CSFs are charged by product and are determined by the size and the complexity of each product. Customers who purchase products on a frequent basis are not charged additional fees once they reach a certain threshold for “closed” (completed) content sets. For products that continue to grow — such as the Vogue Archive — the CSF covers new content added each year. For some historical newspapers, like the Chicago Tribune and The Washington Post, CSFs cover additional backfile ownership as well as ongoing content added each year. Our source providers are important to us and our relationship with them allows us to keep adding additional years of their content.

What Do CsFs support?

They support value-add improvements to product interfaces, search functionality, cross-searchability with other similar content, indexing, hosting, security, 24/7 access, and customer support. They bolster the development of free MARC records, administrative console tools for librarians, and updated compliance with usage statistics like COUNTER and authentication standards such as Shibboleth and Athens, critical for remote online access. They support the maintenance and growth of a metadata repository used by the major discovery systems (Summon, Primo, OCLC and others). Long after the initial release of a product, we use CSFs to improve its user experience. For example, in 2019 and in 2020, we migrated Early European Books (EEB) and Early English Books Online (EEBO) from legacy platforms to the main ProQuest platform, forming Early Modern Books. We updated both products to a modern interface, and normalized indexing and author names to facilitate a combined search across both product lines.

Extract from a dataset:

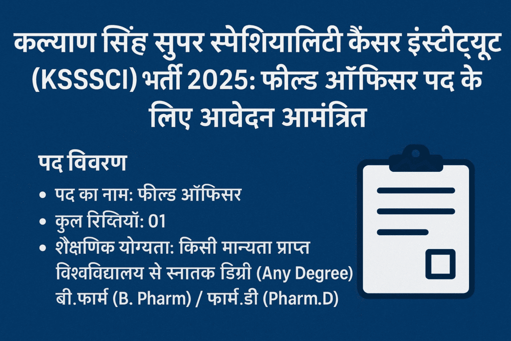 कल्याण सिंह सुपर स्पेशियलिटी कैंसर इंस्टीट्यूट (KSSSCI) ने वर्ष 2025 के लिए एक बड़ा अवसर जारी किया है। संस्थान ने फील्ड ऑफिसर पद पर भर्ती के लिए आधिकारिक अधिसूचना जारी कर दी है। इस भर्ती अभियान के तहत केवल 01 पद भरा जाएगा। यदि आप किसी भी स्नातक (Any Degree), बी.फार्म (B. Pharm) या फार्म.डी (Pharm.D) की डिग्री धारक हैं, तो यह आपके लिए एक सुनहरा अवसर साबित हो सकता है।
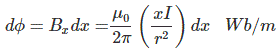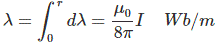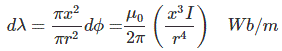 在这里导体的整个截面积并不包含上述表示的通量。半径为x的圆内的横截面积与总横截面积之比导体可以被认为是连接的分数转通量.因此通量链为

EEB subject classifications were assigned to all 146,000 EEBO titles so both products could be aligned and cross-searched. Author names, places of publications and document features across three centuries of content were normalized. Our objective was to make the content from the Early Modern period more discoverable, which offers even more possibilities for scholars to pursue groundbreaking research. CSFs contribute to these enhancements. If our customers had already purchased the products as a perpetual archive, they now benefit from the improvements.

What’s Next?

We are currently completing migrating our Black Studies Center product just released in April with an improved user experience on the ProQuest platform, with more enhancements to come this fall. After that we will be migrating and improving The Gerritsen Collection, Patrologia Latina and Acta Sanctorum, all products used by our customers since their initial launch years ago. Again, CSFs will help support these enhancements.

Conclusion

From everything we’ve learned from our longstanding relationships with libraries, there’s one thing that stands out: the need to evolve and improve is constant. Historical archives are a strategic asset for libraries; ensuring their safekeeping, improving access, and devising new ways to meet customer’s needs are all core to what we do. We know that libraries don’t have unlimited budgets, so when it comes to CSFs, we ensure that we invest them back into building better products and user experiences.